Last night Ben and I listened as Mae sang herself to sleep. “The flower said I wish I was a tree,” she warbled. “The tree said I wish that I could be a different kind of tree. The cat wished that it was a bee. The turtle wished that it could fly really high into the sky over rooftops and then dive deep into the sea.”

It was lovely, her singing. Not that she’s particularly gifted musically but her desire and ability to do it for herself was beautiful. She didn’t know we were listening. This was raising her voice in song for the love of it, for the love of herself.

When she moved on to a different song on the same Kimya Dawson album, a nice little number entitled “Same Shit”, it was clear it was time to pull the plug.

“Go to sleep, Mae,” Ben called.

“Day after day after day, it’s the same shit. Day after day after day, it’s the same shit. Day after day after day, it’s the same shit.”

“Mae!” Ben and I called together.

There was silence and then quietly, happily, “Day after day after day after day after day.”

2 comments:

  1. I don't know how you do it!
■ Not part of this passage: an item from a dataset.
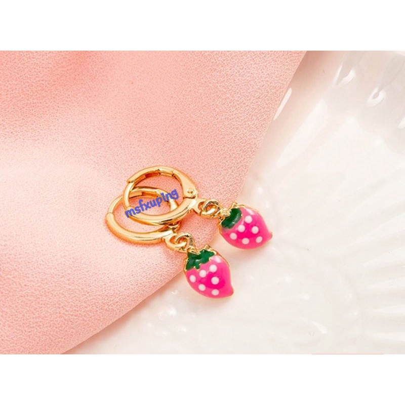 Anting Anak perempuan Lucu Imut Motif Stroubery Pink Perhiasan Fashion Import Kualitas
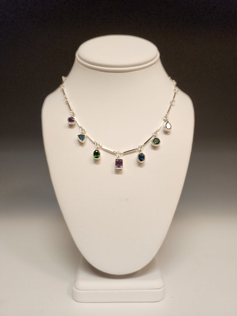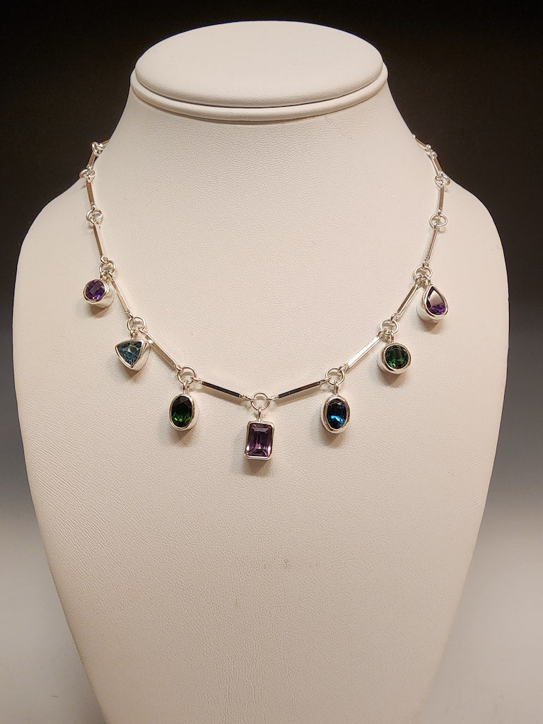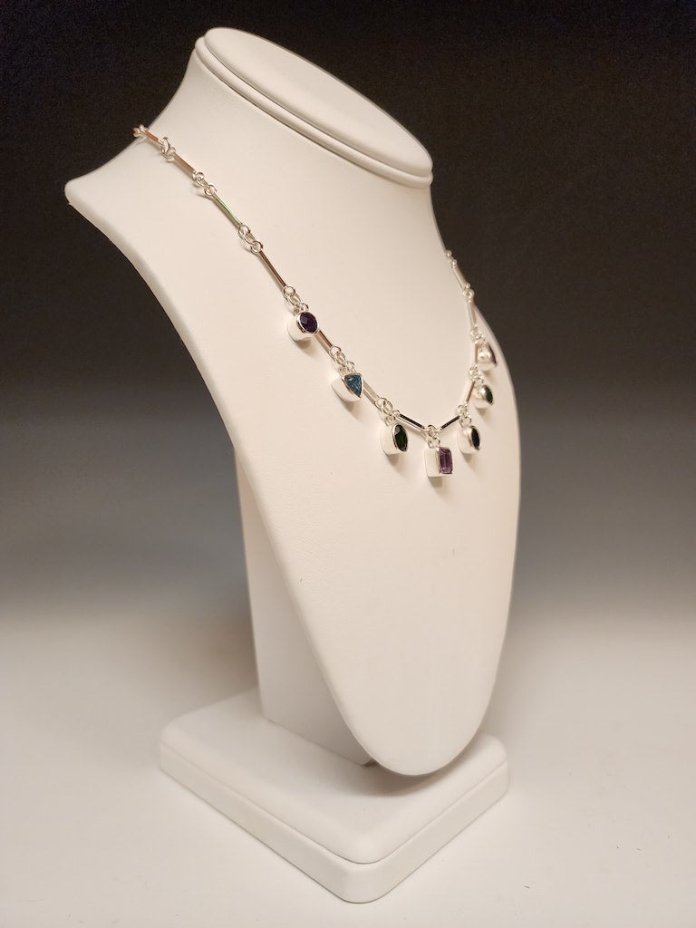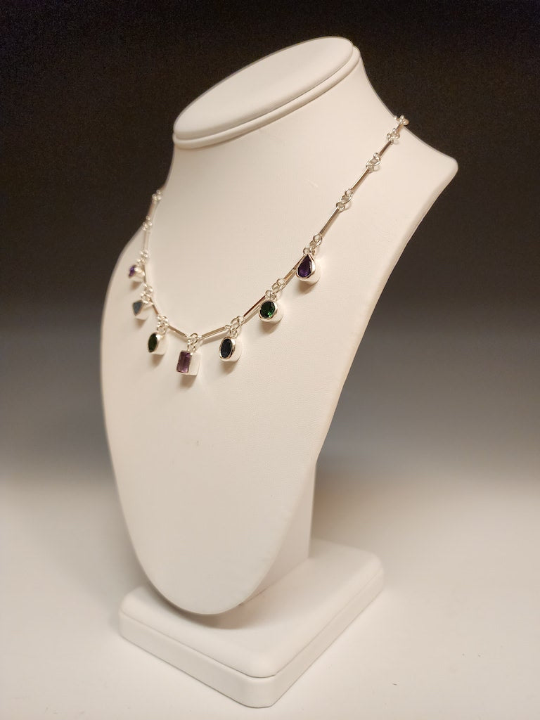 MULTI-STONE AND STERLING SILVER HANDMADE NECKLACE- NM483N

I'm bound to either weep or shake with laughter whenever you post!

    I howled out loud about Mae's singing.

    I LOVE seeing the the little notice I get to let me know you've posted something...I'm over here as fast as one might say "it's the same shit."

    Thanks for today's chuckle!

    Ruth

    ReplyDelete
  2. Hey we are singing exactly (but I mean EXACTLY) the same two songs here in Cape Town. :-) Shall we plan a variety show for the spring?